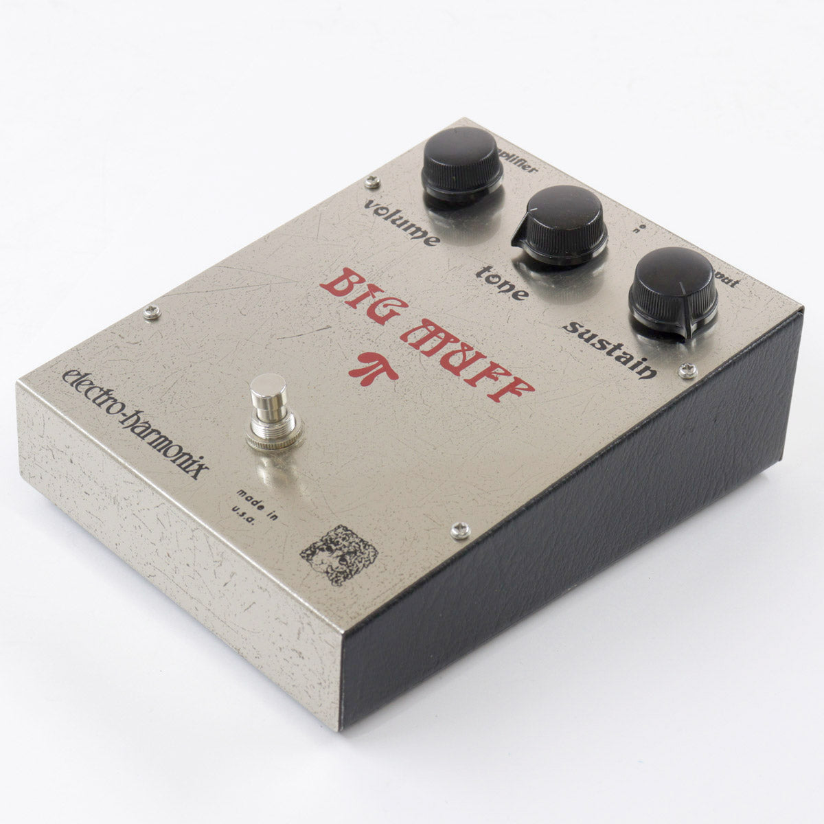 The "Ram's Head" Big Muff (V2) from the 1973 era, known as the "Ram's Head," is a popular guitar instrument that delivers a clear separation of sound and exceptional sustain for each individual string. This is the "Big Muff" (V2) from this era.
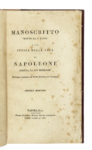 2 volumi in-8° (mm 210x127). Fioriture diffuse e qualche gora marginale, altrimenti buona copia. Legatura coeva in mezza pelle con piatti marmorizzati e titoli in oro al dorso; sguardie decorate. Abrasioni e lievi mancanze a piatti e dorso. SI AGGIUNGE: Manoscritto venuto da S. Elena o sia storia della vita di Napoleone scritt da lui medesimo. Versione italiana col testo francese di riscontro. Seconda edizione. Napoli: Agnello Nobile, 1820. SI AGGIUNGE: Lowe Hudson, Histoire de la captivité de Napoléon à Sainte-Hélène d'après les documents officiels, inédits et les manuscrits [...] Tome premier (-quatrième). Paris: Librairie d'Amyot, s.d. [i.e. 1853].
====
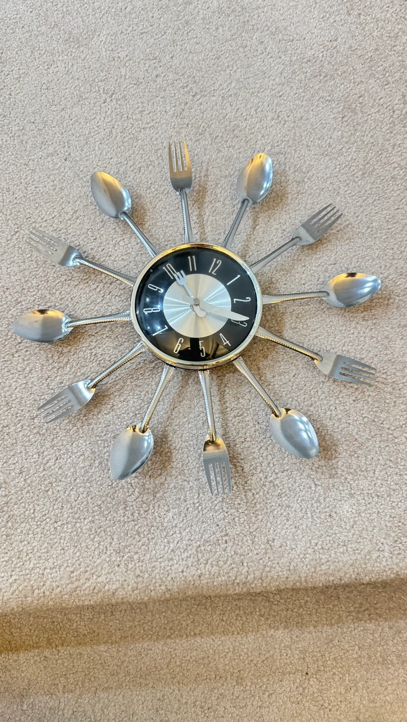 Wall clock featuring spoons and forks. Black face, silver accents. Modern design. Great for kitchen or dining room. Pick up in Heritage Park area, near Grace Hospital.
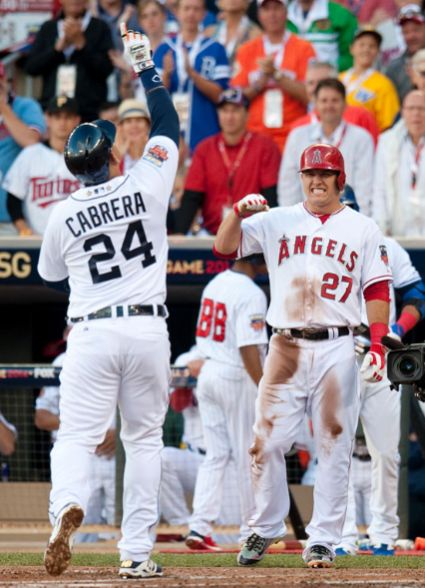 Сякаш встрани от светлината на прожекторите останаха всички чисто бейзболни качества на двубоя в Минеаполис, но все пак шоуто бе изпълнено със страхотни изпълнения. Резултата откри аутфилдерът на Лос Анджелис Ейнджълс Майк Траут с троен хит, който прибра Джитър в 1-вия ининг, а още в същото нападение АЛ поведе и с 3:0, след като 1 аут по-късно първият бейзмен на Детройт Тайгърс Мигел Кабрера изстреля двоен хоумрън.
====
**EXERCISE PROMPT**
Range to print from the listing above: from the line with "Wall clock featuring" up to and including the line with "Сякаш встрани от". Please print those lines exactly, with no pictures and nothing more.

**RESPONSE**
 Wall clock featuring spoons and forks. Black face, silver accents. Modern design. Great for kitchen or dining room. Pick up in Heritage Park area, near Grace Hospital.
 Сякаш встрани от светлината на прожекторите останаха всички чисто бейзболни качества на двубоя в Минеаполис, но все пак шоуто бе изпълнено със страхотни изпълнения. Резултата откри аутфилдерът на Лос Анджелис Ейнджълс Майк Траут с троен хит, който прибра Джитър в 1-вия ининг, а още в същото нападение АЛ поведе и с 3:0, след като 1 аут по-късно първият бейзмен на Детройт Тайгърс Мигел Кабрера изстреля двоен хоумрън.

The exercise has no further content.